:: INSTRUCTIONS FOR THE TASK ::
All that is wanted is the exact lines from the first line of the data below through the line with "Set an automatic", both ends included, with pictures omitted.
--------------------------------
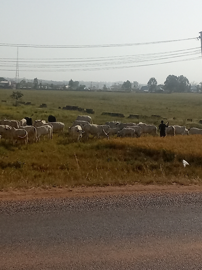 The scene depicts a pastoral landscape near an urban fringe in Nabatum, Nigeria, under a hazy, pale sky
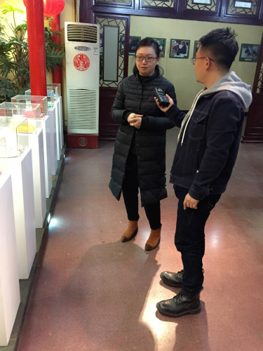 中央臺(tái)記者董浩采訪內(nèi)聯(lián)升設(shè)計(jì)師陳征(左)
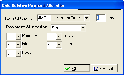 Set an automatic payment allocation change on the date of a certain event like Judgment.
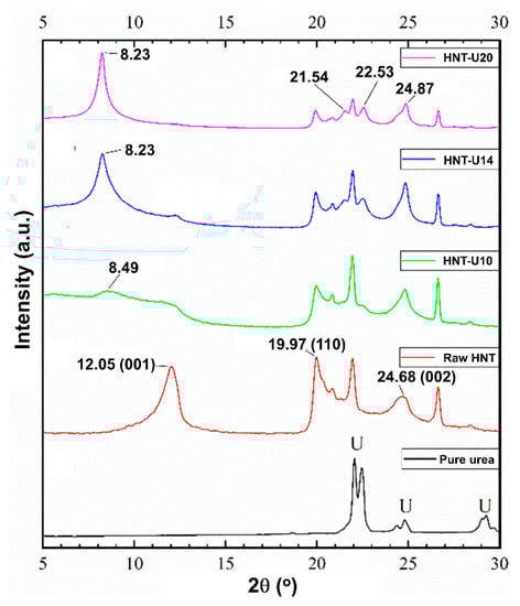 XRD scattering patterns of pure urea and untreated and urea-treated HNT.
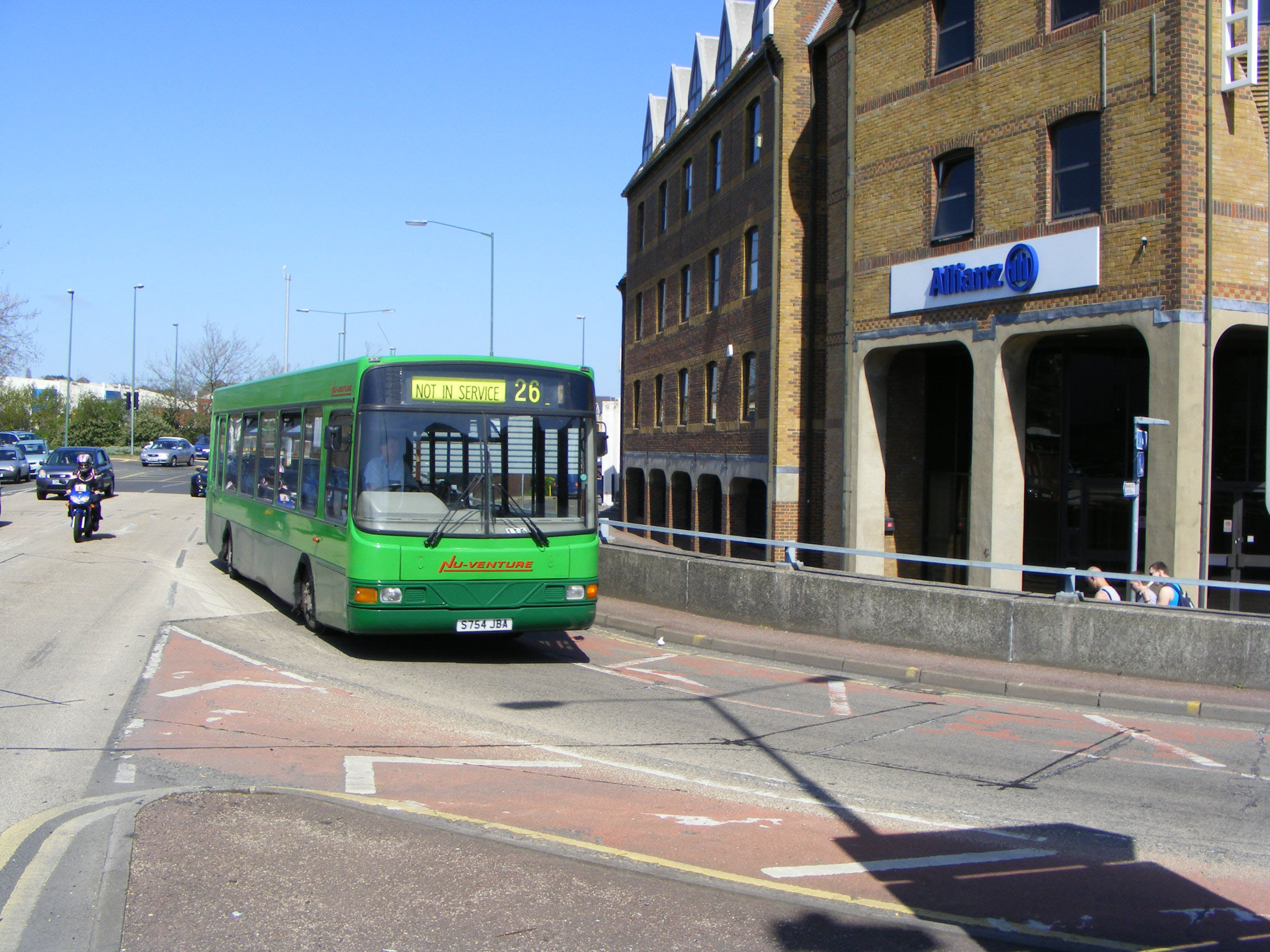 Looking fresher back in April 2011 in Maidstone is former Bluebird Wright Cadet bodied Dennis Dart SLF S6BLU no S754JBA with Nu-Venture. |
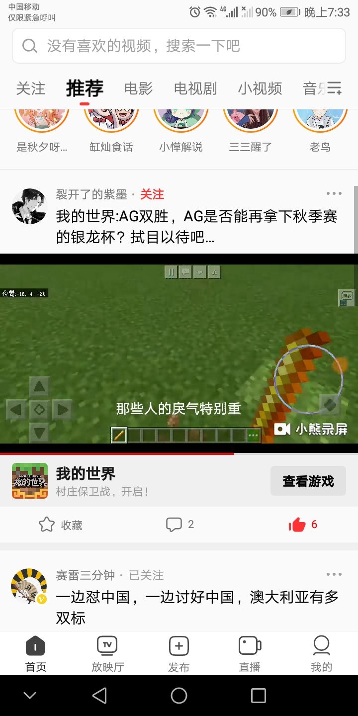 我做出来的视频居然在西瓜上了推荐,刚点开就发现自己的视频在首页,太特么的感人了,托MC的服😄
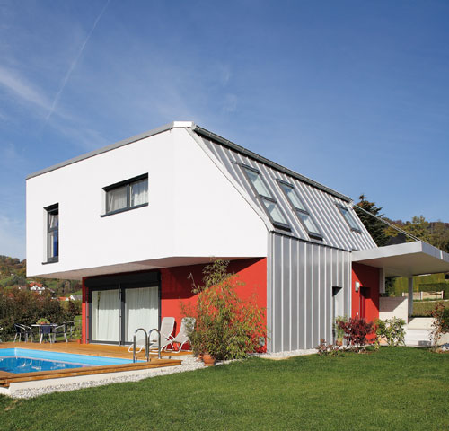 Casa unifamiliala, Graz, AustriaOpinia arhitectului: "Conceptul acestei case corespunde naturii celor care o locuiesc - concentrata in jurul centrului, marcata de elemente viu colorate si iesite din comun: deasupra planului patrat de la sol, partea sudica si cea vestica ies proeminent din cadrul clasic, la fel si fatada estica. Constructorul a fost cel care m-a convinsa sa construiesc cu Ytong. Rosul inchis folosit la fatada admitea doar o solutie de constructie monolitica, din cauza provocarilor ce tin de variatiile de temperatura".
--------------------------------
:: OUTPUT FOR THIS TASK ::
 The scene depicts a pastoral landscape near an urban fringe in Nabatum, Nigeria, under a hazy, pale sky
 中央臺(tái)記者董浩采訪內(nèi)聯(lián)升設(shè)計(jì)師陳征(左)
 Set an automatic payment allocation change on the date of a certain event like Judgment.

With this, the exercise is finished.